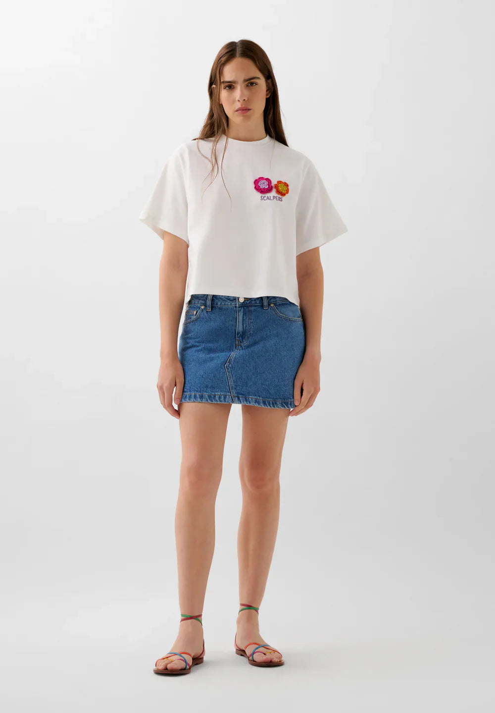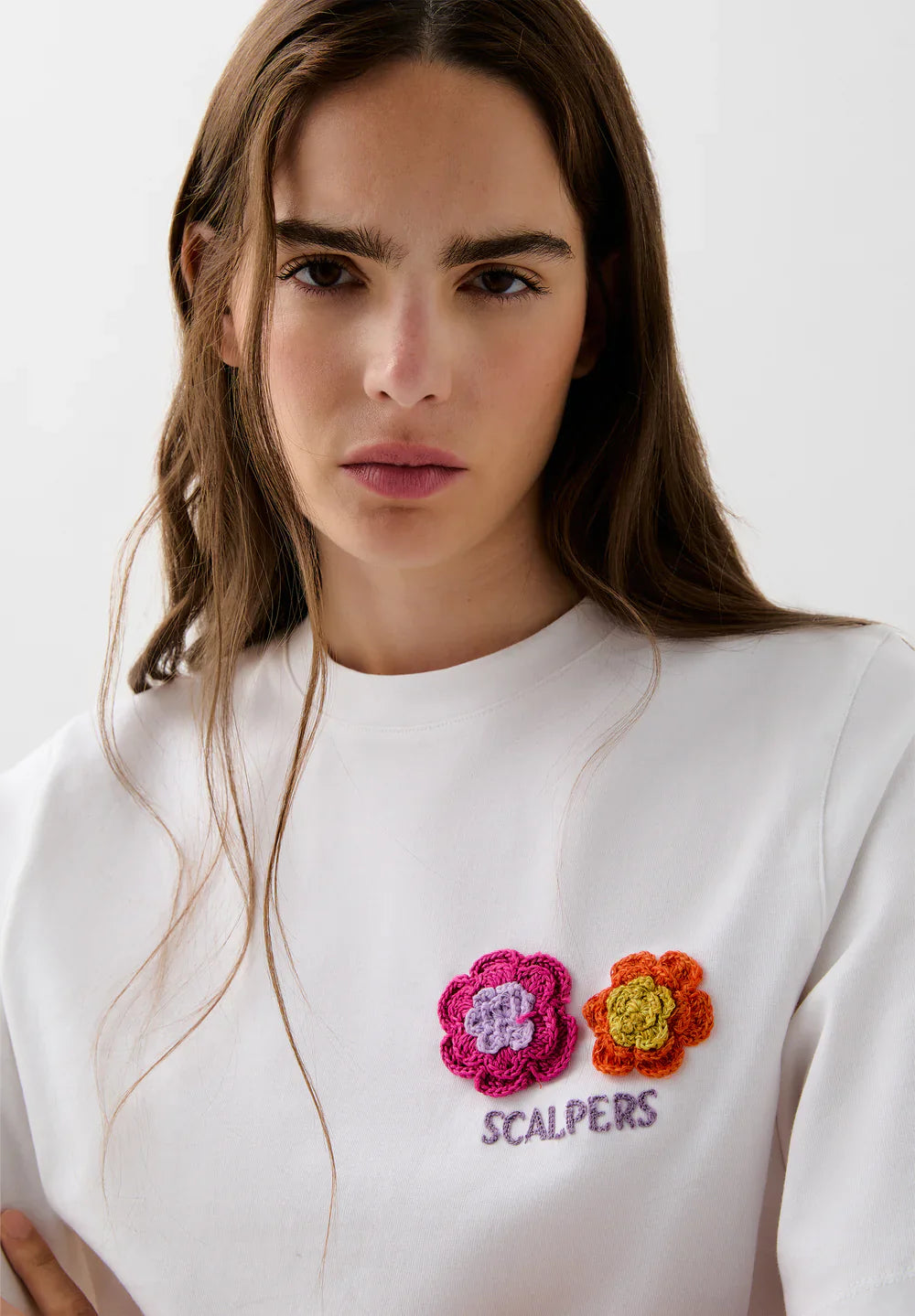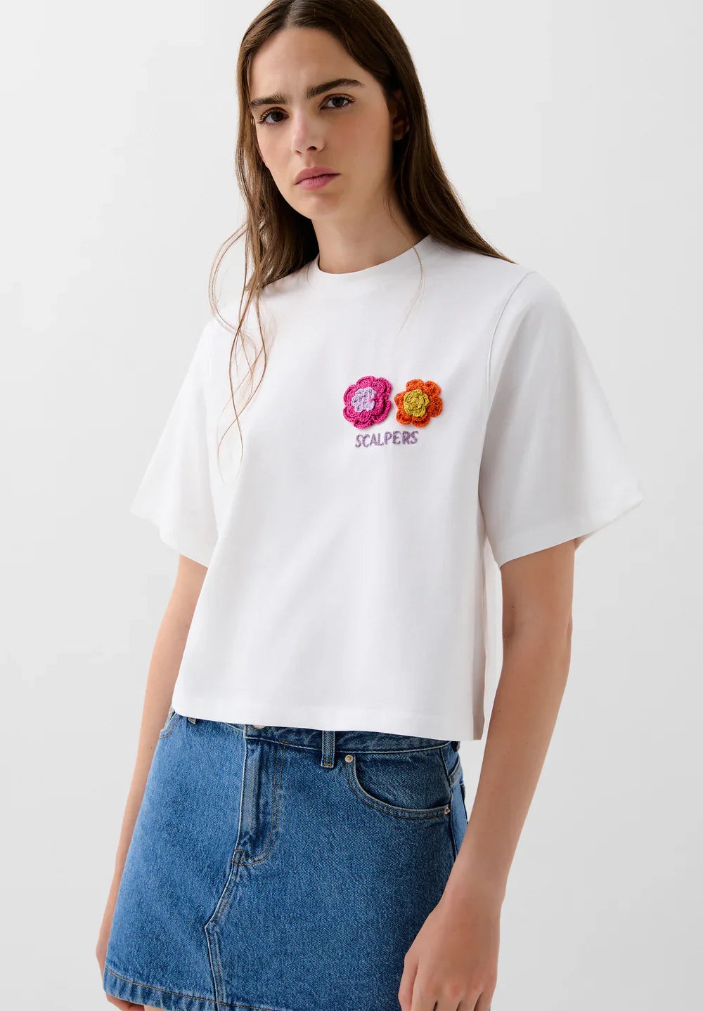 Camiseta confeccionada en 100% algodón con detalle de crochet y logo bordado en pecho. Corte ligeramente oversize, cuello redondo y manga corta ancha.
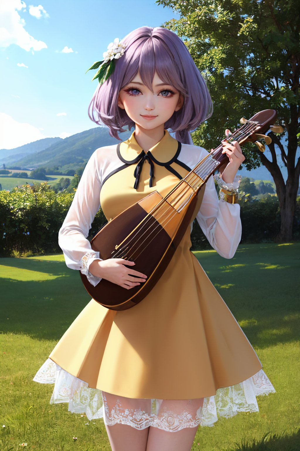 필요하면 purple hair와 purple eyes를 추가하세요. holding, instrument, lute \(instrument\)를 프롬프트로 사용하면 잘 작동합니다.
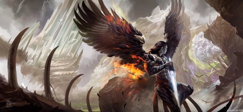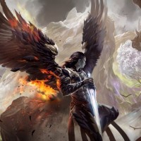 a fantasy scene with an angel-like figure at the center. The character is shown with wings and appears to be in combat, holding a sword that's glowing with some
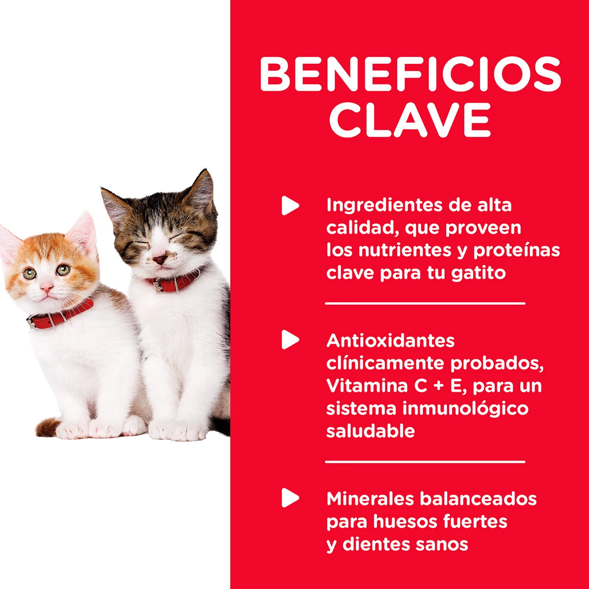 - Ingredientes de alta calidad que aseguran la disponibilidad de nutrientes clave y proteínas para su gatito.
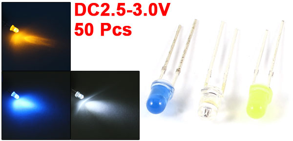 50 Pcs Straw Hat 3mm Yellow White Blue LED Bulb Lamp Emitting Diodes DC 2.5-3.0V
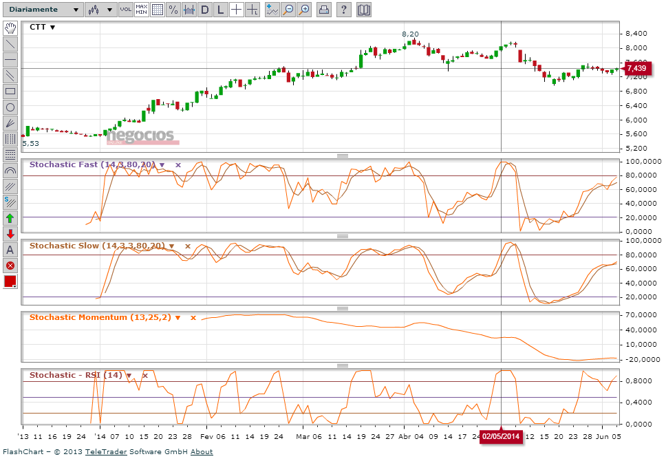 No Gráfico Interactivo do Jornal de Negócios qual é o oscilador estocástico mais usado pelos analistas?
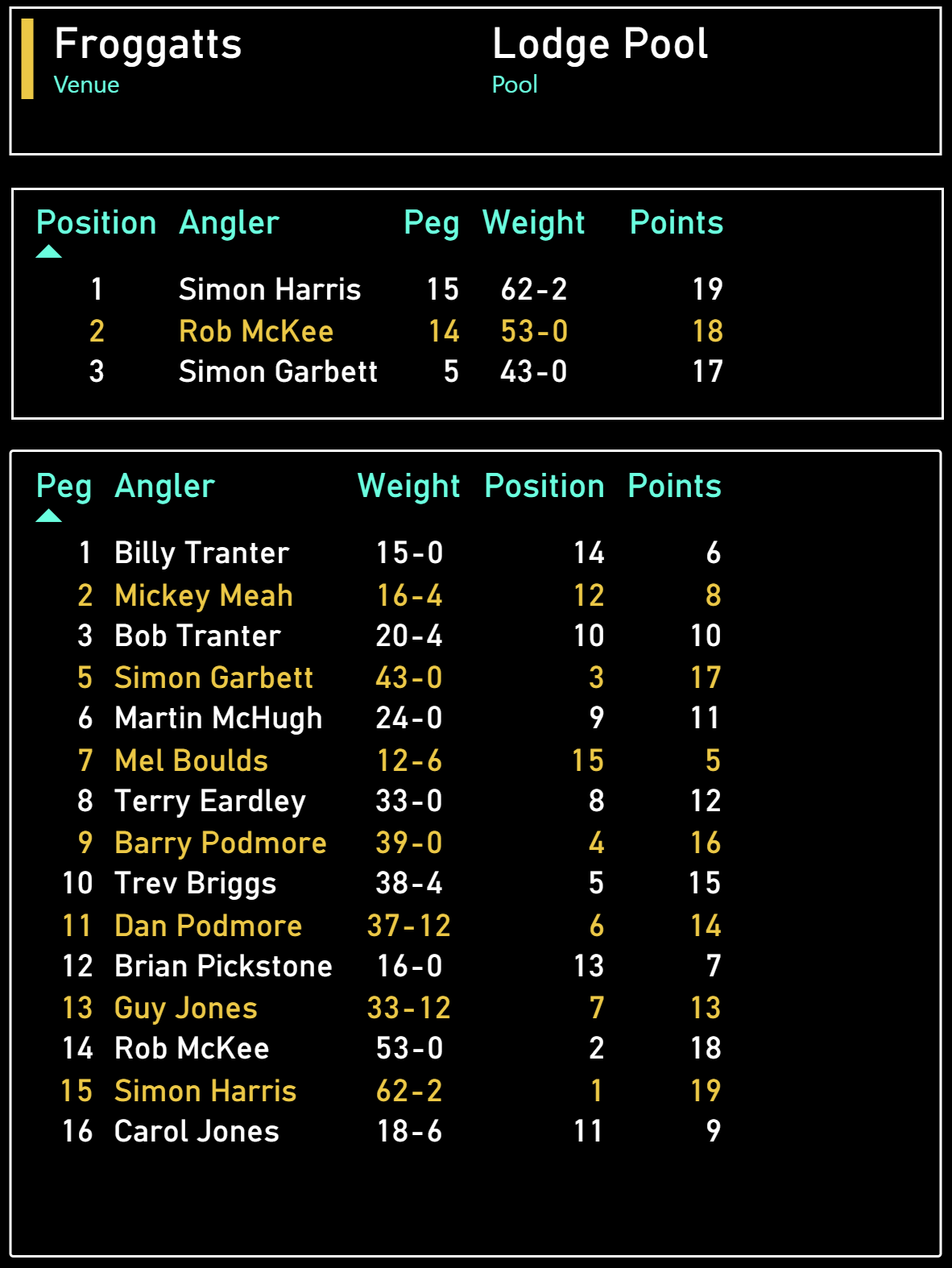Guy remains on top of the leader board followed by Terry who is 9 points behind. We weighed in a total of 462lb at this match.
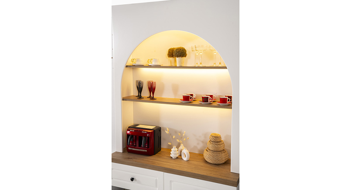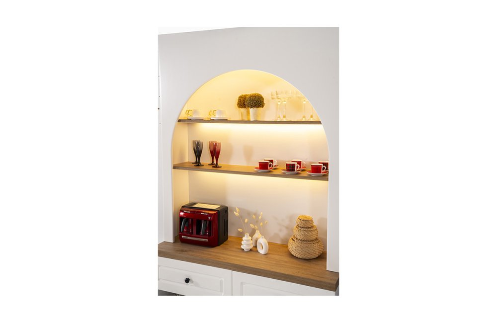 • Entegre Raf Aydınlatması: Rafların altına gizlenmiş LED şeritler, sergilenen ürünleri ön plana çıkarır ve mekana sıcak bir ambiyans katar.
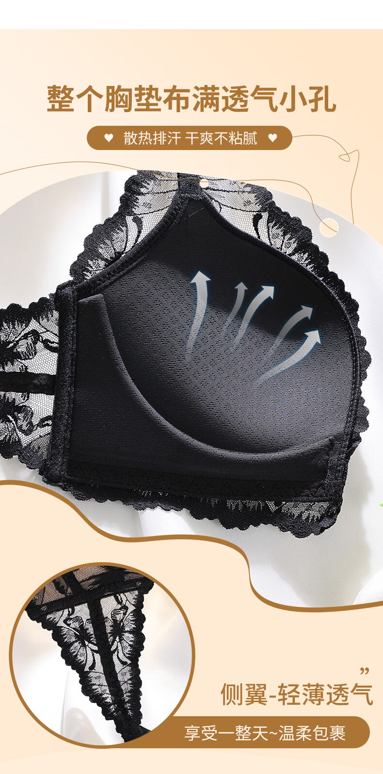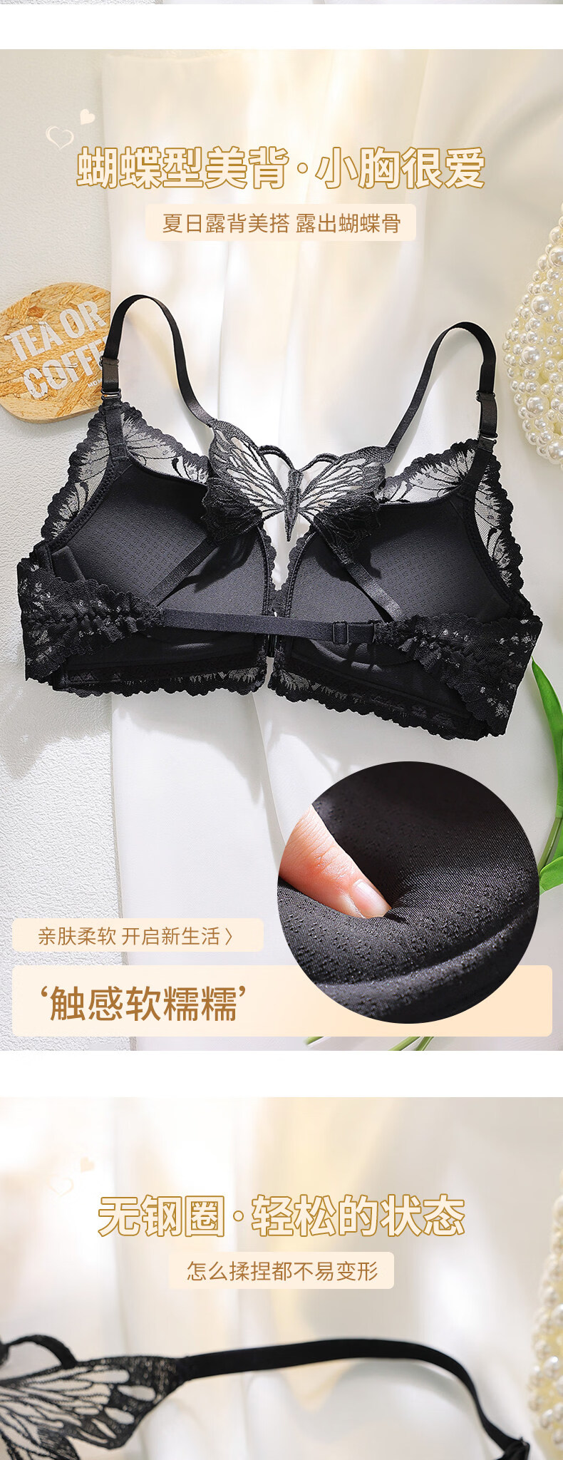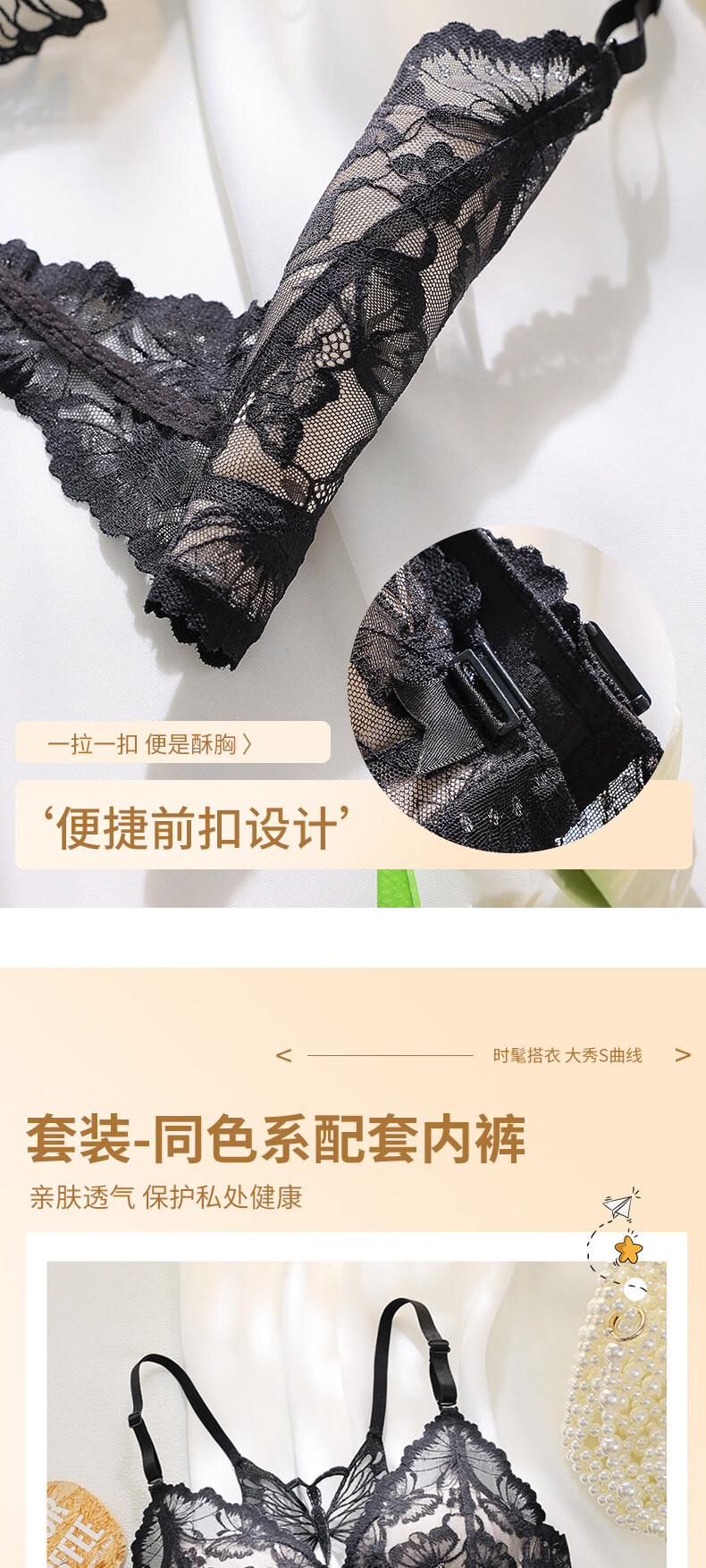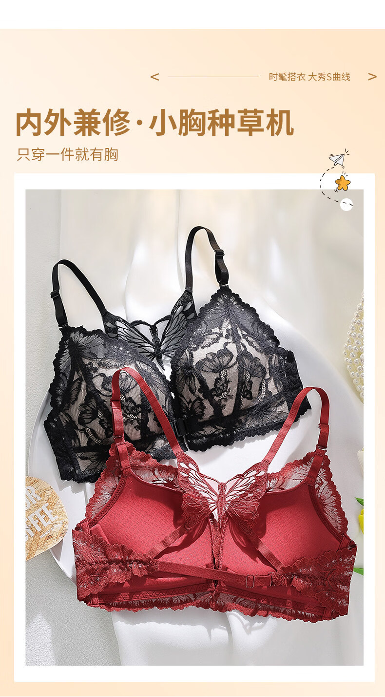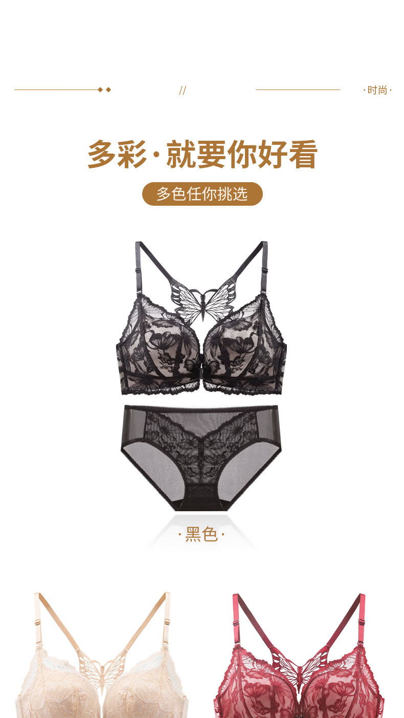 Victoria's Secret Victoria's Secret Beautiful Back Underwear Women's Small Breast Gathering Summer Lace Sexy Underwear Set Women's Front Button Black Suit 70A 32

· · · ·

### EXERCISE GOAL
Retype the whole listing exactly. Do not include the pictures.

### SOLVED EXERCISE
 Camiseta confeccionada en 100% algodón con detalle de crochet y logo bordado en pecho. Corte ligeramente oversize, cuello redondo y manga corta ancha.
 필요하면 purple hair와 purple eyes를 추가하세요. holding, instrument, lute \(instrument\)를 프롬프트로 사용하면 잘 작동합니다.
 a fantasy scene with an angel-like figure at the center. The character is shown with wings and appears to be in combat, holding a sword that's glowing with some
 - Ingredientes de alta calidad que aseguran la disponibilidad de nutrientes clave y proteínas para su gatito.
 50 Pcs Straw Hat 3mm Yellow White Blue LED Bulb Lamp Emitting Diodes DC 2.5-3.0V
 No Gráfico Interactivo do Jornal de Negócios qual é o oscilador estocástico mais usado pelos analistas?
Guy remains on top of the leader board followed by Terry who is 9 points behind. We weighed in a total of 462lb at this match.
 • Entegre Raf Aydınlatması: Rafların altına gizlenmiş LED şeritler, sergilenen ürünleri ön plana çıkarır ve mekana sıcak bir ambiyans katar.
 Victoria's Secret Victoria's Secret Beautiful Back Underwear Women's Small Breast Gathering Summer Lace Sexy Underwear Set Women's Front Button Black Suit 70A 32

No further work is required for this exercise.